It took us two posts, but we showed that the category of representations of a Hopf algebra $H$ has duals. This is on top of our earlier result that the category of representations of any bialgebra $B$ is monoidal. Let’s look at this a little more conceptually.

Earlier, we said that a bialgebra is a comonoid object in the category of algebras over $\mathbb{F}$. But let’s consider this category itself. We also said that an algebra is a category enriched over $\mathbb{F}$, but with only one object. So we should really be thinking about the category of algebras as a full sub-2-category of the 2-category of categories enriched over $\mathbb{F}$.

So what’s a comonoid object in this 2-category? When we defined comonoid objects we used a model category $\mathrm{Th}(\mathbf{CoMon})$. Now let’s augment it to a 2-category in the easiest way possible: just add an identity 2-morphism to every morphism!

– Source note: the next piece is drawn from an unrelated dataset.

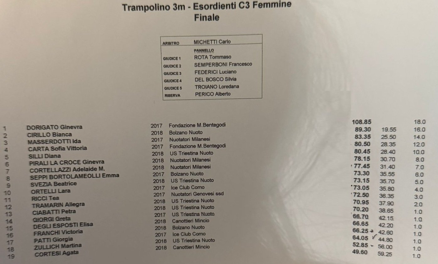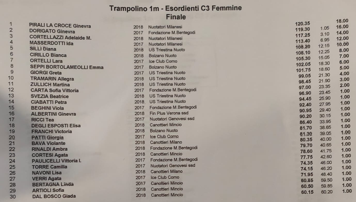 La terza gara in programma è stata quella femminile dal trampolino 3 metri. Diciannove le atlete al via, con Ginevra Dorigato che ha conquistato l’oro con 108.85 punti e un largo vantaggio sulle inseguitrici. Completano il podio la debuttante in categoria Bianca Cirillo (Bolzano Nuoto) con 89.30 punt e Ida Masserdotti (Nuotatori Milanesi) con 83.35 punti.

But the 2-category language gives us a bit more flexibility. Instead of demanding that the morphism $\Delta:C\rightarrow C\otimes C$ satisfy the associative law on the nose, we can add a “coassociator” 2-morphism $\gamma:(\Delta\otimes1)\circ\Delta\rightarrow(1\otimes\Delta)\circ\Delta$ to our model 2-category. Similarly, we dispense with the left and right counit laws and add left and right counit 2-morphisms. Then we insist that these 2-morphisms satisfy pentagon and triangle identities dual to those we defined when we talked about monoidal categories.

What we’ve built up here is a model 2-category for weak comonoid objects in a 2-category. Then any weak comonoid object is given by a 2-functor from this 2-category to the appropriate target 2-category. Similarly we can define a weak monoid object as a 2-functor from the opposite model 2-category to an appropriate target 2-category.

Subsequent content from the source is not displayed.